First, on May 16, 2016, the EEOC released its final new rules concerning wellness programs. A big issue addressed by the rules is the question of how much is too much? In other words, how much of a financial incentive can an employer offer to an employee to participate in a wellness program for it to remain voluntary? Generally, the answer employers will find in the EEOC’s final regulations is 30%. That is, the financial incentive cannot exceed 30% of the plan’s cost for the employee. There are some nuances in what numbers you look at depending on the health plan and wellness program offered by the employer, but 30% is the general rule. The rules go into effect on July 18, 2016.

Second, on June 16, 2016, the EEOC issued a sample notice for employers offering wellness programs. One of the new requirements of wellness programs is that employers must disclose to employees who are subject to disability-related inquiries or medical examinations a notice that explains what medical information will be obtained, how it will be used, who will receive it, the restrictions on its disclosures, and the methods the employer will use to prevent improper disclosure of it. The EEOC’s sample notice can be a cost-effective tool, but employers should take care to be sure that it makes sense for their workplace.
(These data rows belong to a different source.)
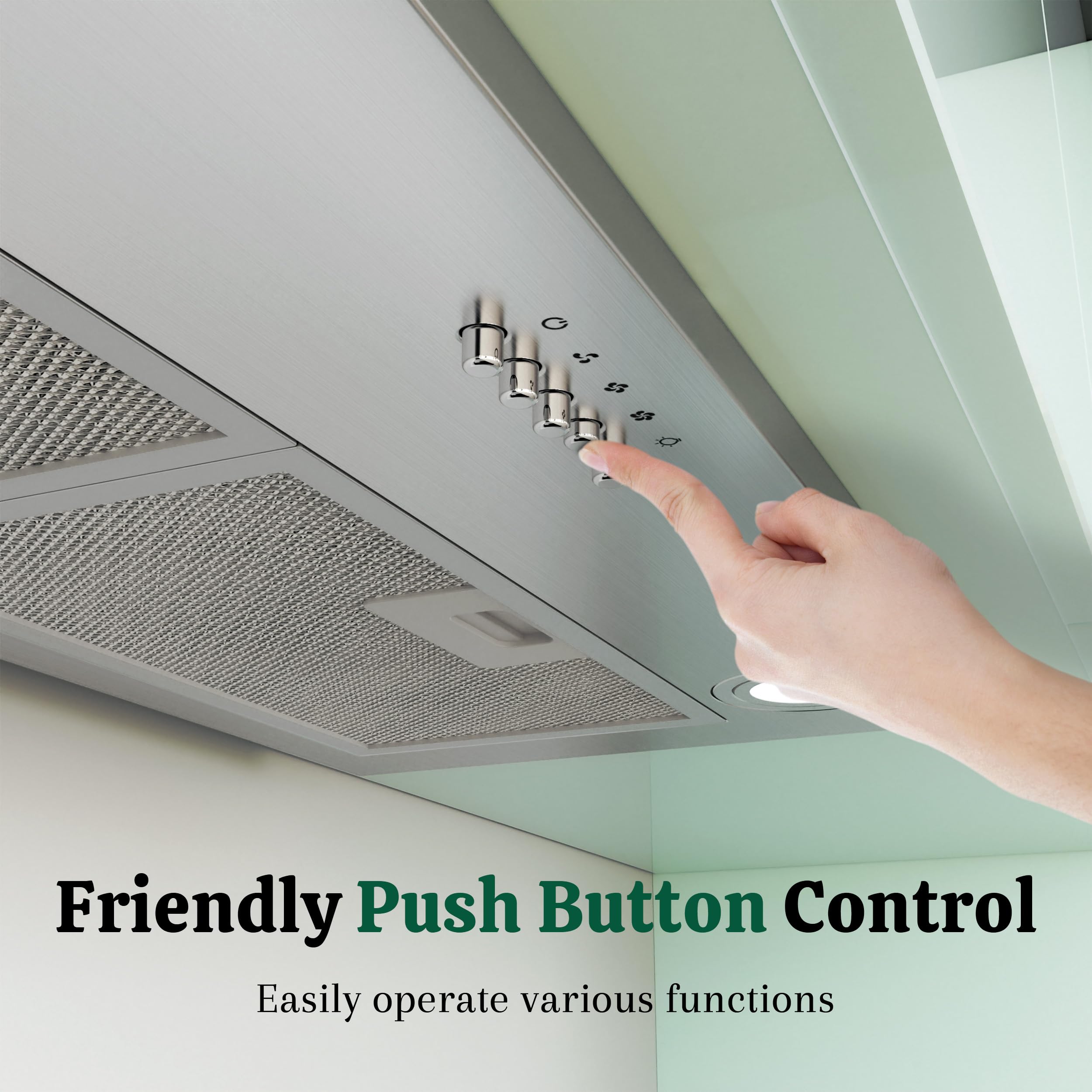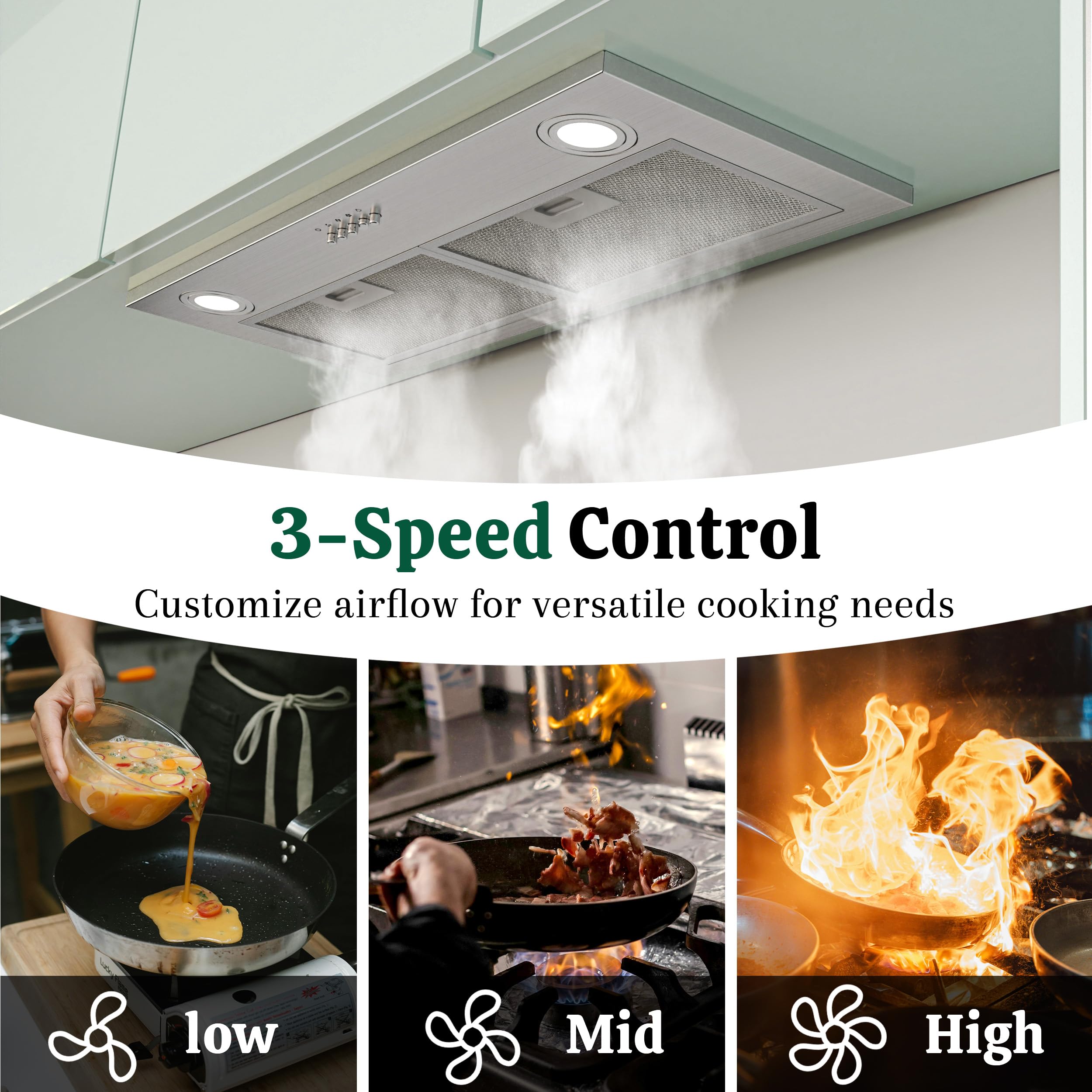 EASY 3-SPEED BUTTON CONTROL: This hood vent features a user-friendly mechanical control panel with 3 fan speeds, allowing you to adjust suction power based on your cooking needs. The push buttons work reliably even under high heat or with wet hands, ensuring consistent performance every time
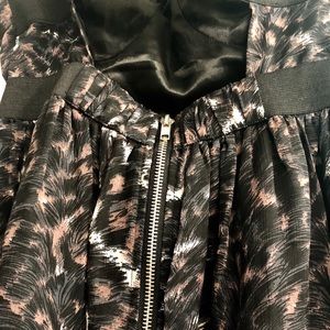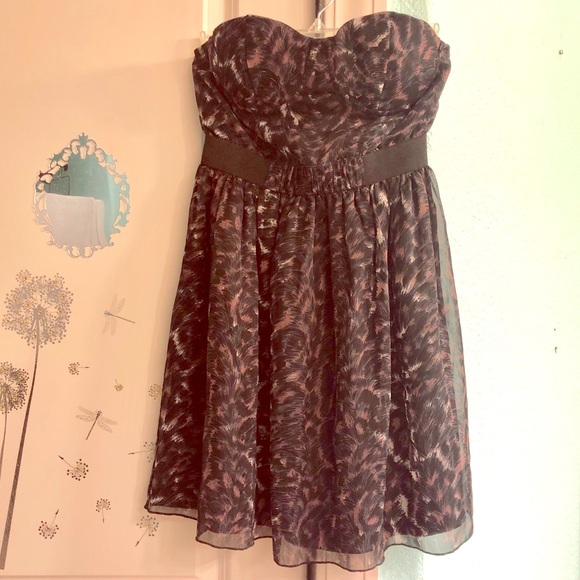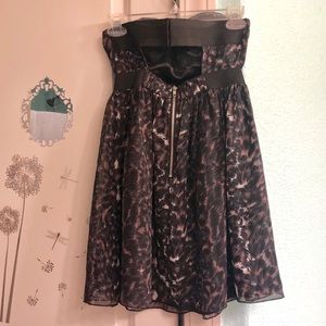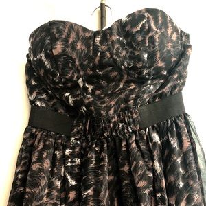 NWOT. Daytime Leopard print strapless semi balloon dress. Wide elastic in the back, leopard print sheer fabric with elastic belted style waist. Zipper from mid back down.
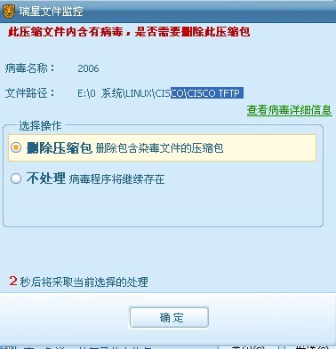 当从瑞星的病毒隔离区里恢复出老病毒,然后在没有运行的状态下,再次查杀时发现提示杀毒失败,而且没有删除文件的功能。
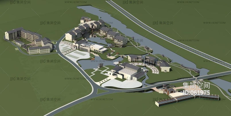 东南亚酒店度假酒店鸟瞰规划3d模型下载
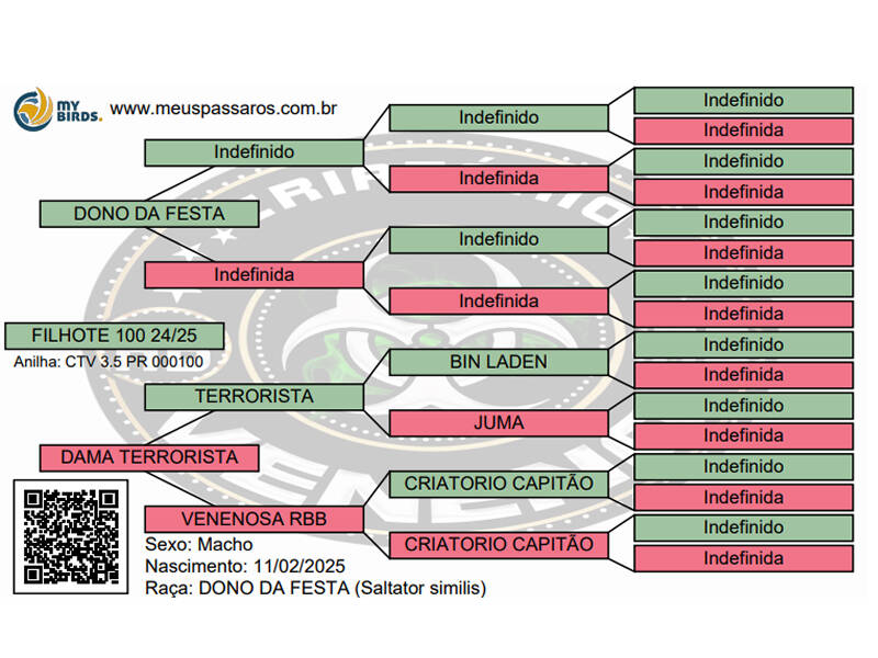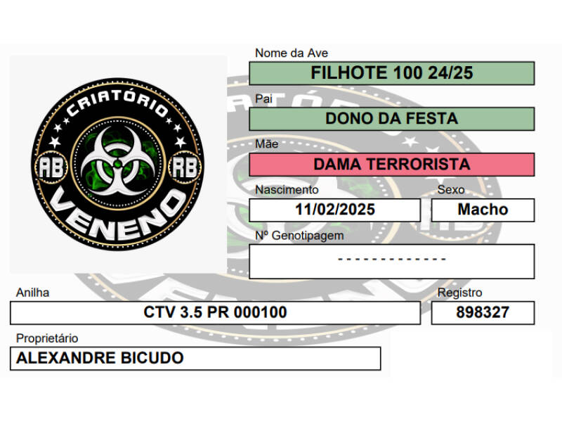 Comentários: FILHO DO FENÔMENO DONO DA FESTA AVE COM MÉDIA DE 239 CANTOS EM 40 PARTICIPAÇÕES ONDE OBTEVE MAIS DE 90% DE VITÓRIAS, PASSADO NA MÃE DO SPKE CAMPEÃO REGIONAL NO PARANÁ, LEVANDO SANGUE DE BINLADEM E CAPITÃO VENENO, UMA CRUZA MUITO PLANEJADA!
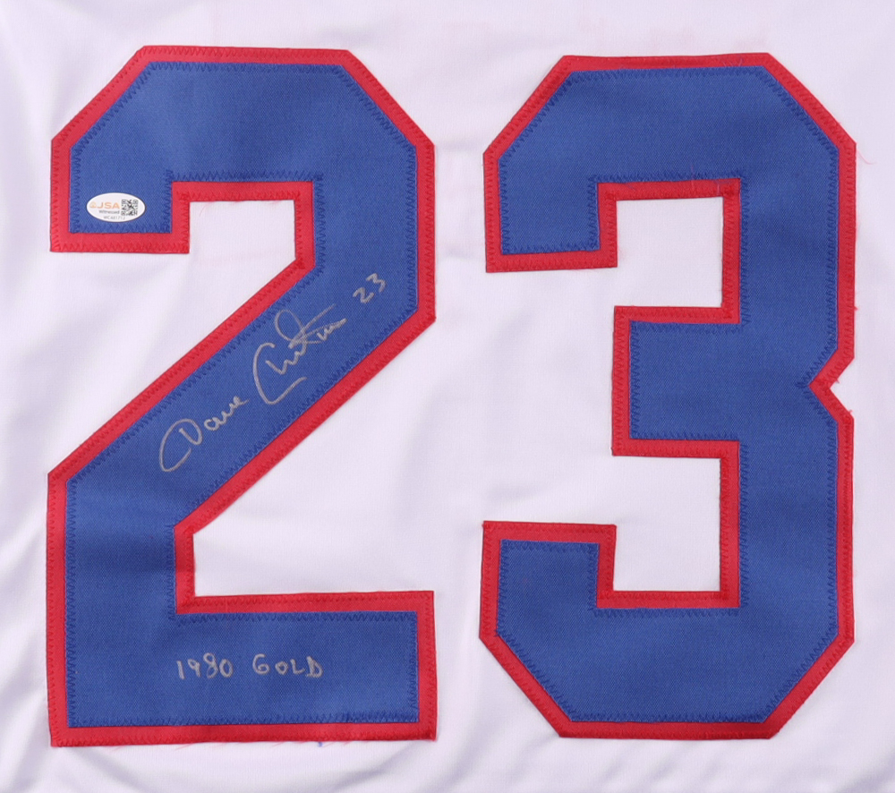 Dave Christian Signed Jersey Inscribed "1980 Gold" (JSA)
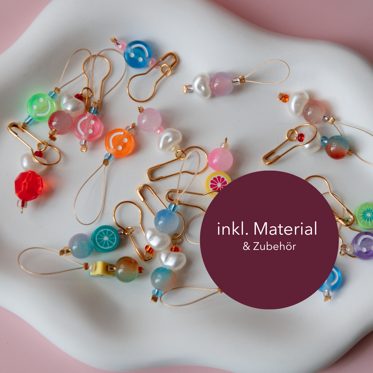 Verbringe einen kreativen Abend und gestalte deine eigenen Maschenmarkierer aus wunderschönen Perlen. Du bastelst dir deine ganz persönlichen Strickaccessoires – perfekt für deine eigenen Projekte oder als liebevolles Weihnachtsgeschenke für deine Strickbesties.
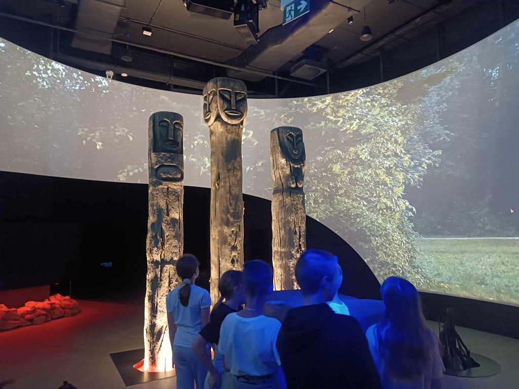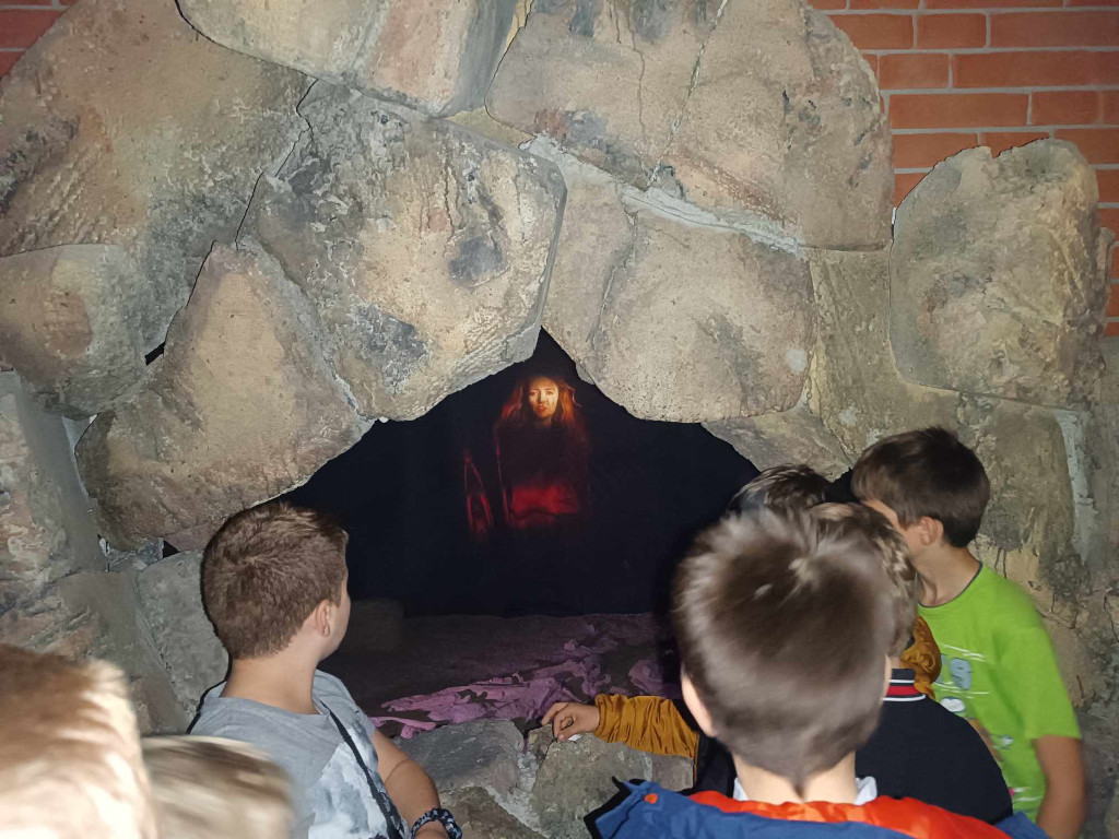 Kolejnym punktem wycieczki był Park Legend w Nowej Słupi. Jest to miejsce magiczne, łączące w ciekawy sposób nową technologię z elementami teatru. Poznaliśmy tu wiele ciekawych legend, baśni i folklor Gór Świętokrzyskich. Usłyszeliśmy legendę o pielgrzymie świętokrzyskim, o powstaniu Kielc, Kakonina, czy o obronie Sandomierza. Wszystko to poznawaliśmy niejako od wewnątrz, będąc naocznymi świadkami tych opowieści. Weszliśmy w bramy piekieł, gdzie na naszej drodze pojawił się diabeł, a później mogliśmy dotknąć madejowego łoża, zobaczyliśmy jak powstało gołoborze.
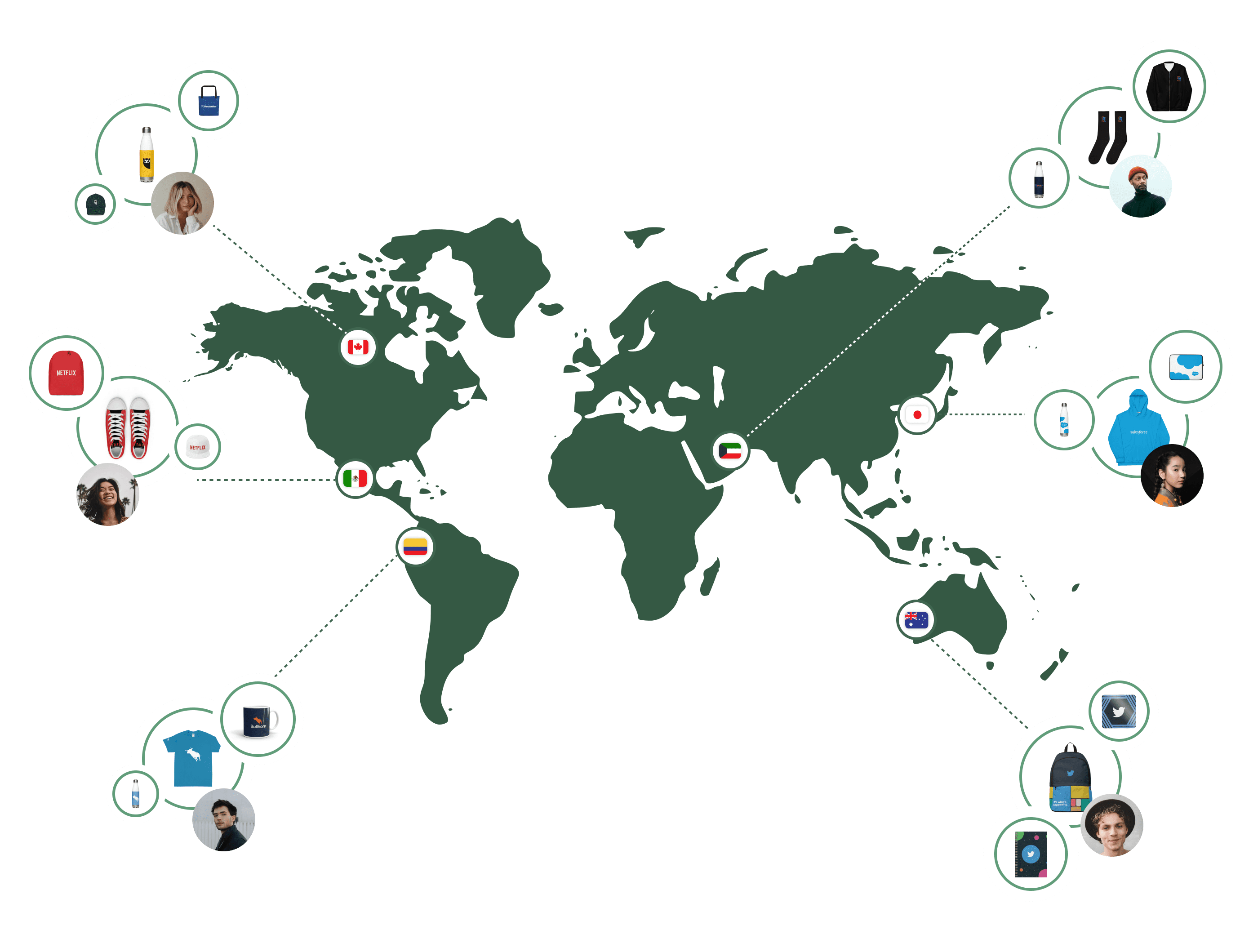 Though far away, your global recipients get to revel in the same experience (and swag) as US recipients. We handle the logistics and can ship to 170+ countries.
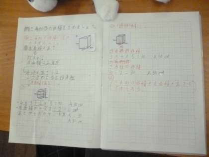 6年1組では算数科の時間に、三角柱の体積の求め方を考えていました。前時に四角柱の体積の求め方は「底面積×高さ」であることがわかりました。三角柱でも同様の考え方で求めることができないか、また、違う求め方はないのかを話し合いました。
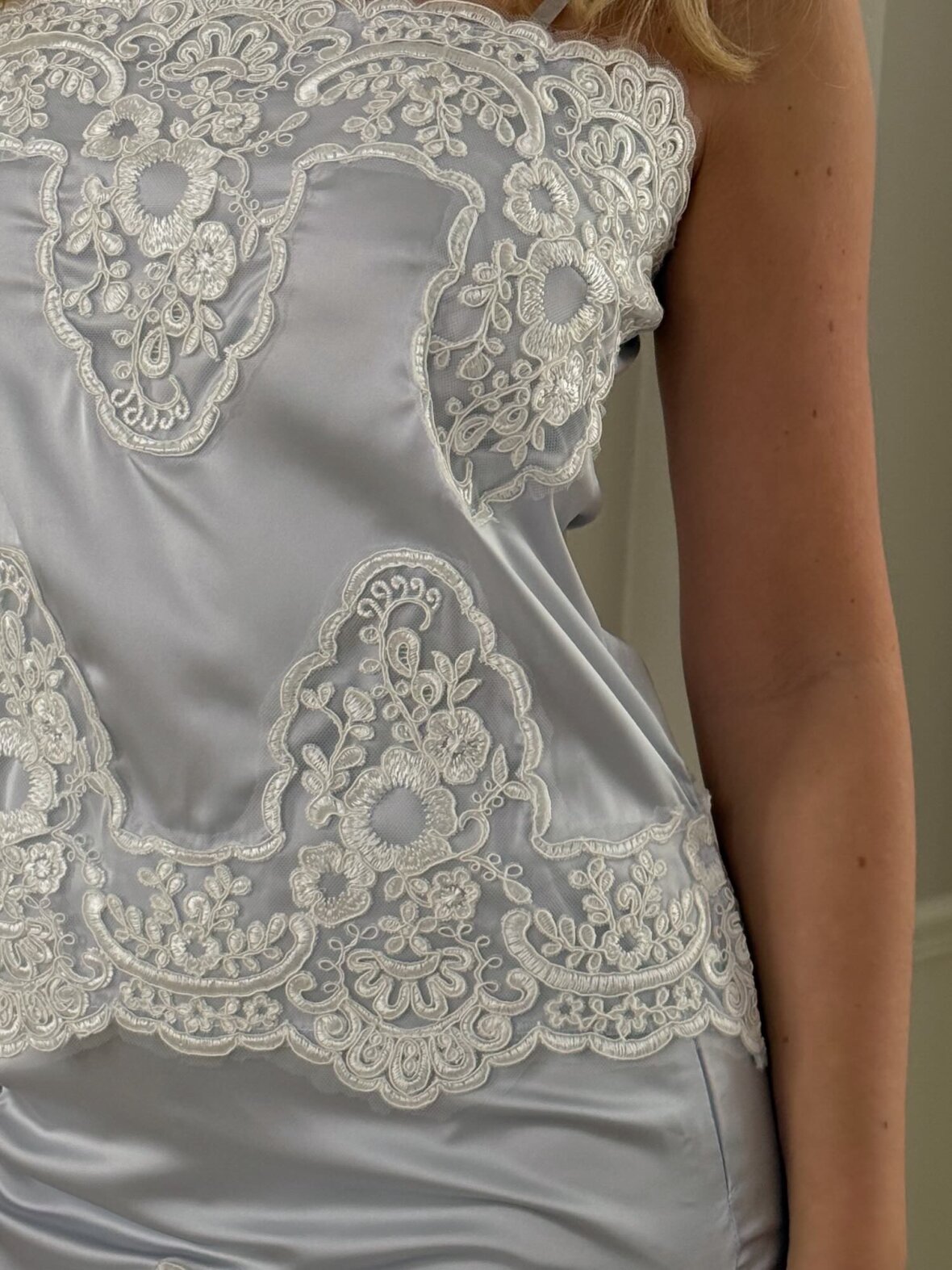 Elegant top i smuk, lys blå stræk satin med eksklusive blondedetaljer. Designet med fine stropper og dekorativ blondekant, der giver et feminint og sofistikeret udtryk. En let og behagelig top, som kan styles både alene eller som del af et elegant sæt.

Although the EEOC’s enforcement efforts with respect to wellness programs have proven to be controversial, employers with wellness programs are likely best positioned to avoid the agency’s wrath or other private litigation by updating policies and practices to conform to these new rules. With the release of the EEOC’s final rules, now is an ideal time to self-audit your wellness program with counsel to ensure legal compliance.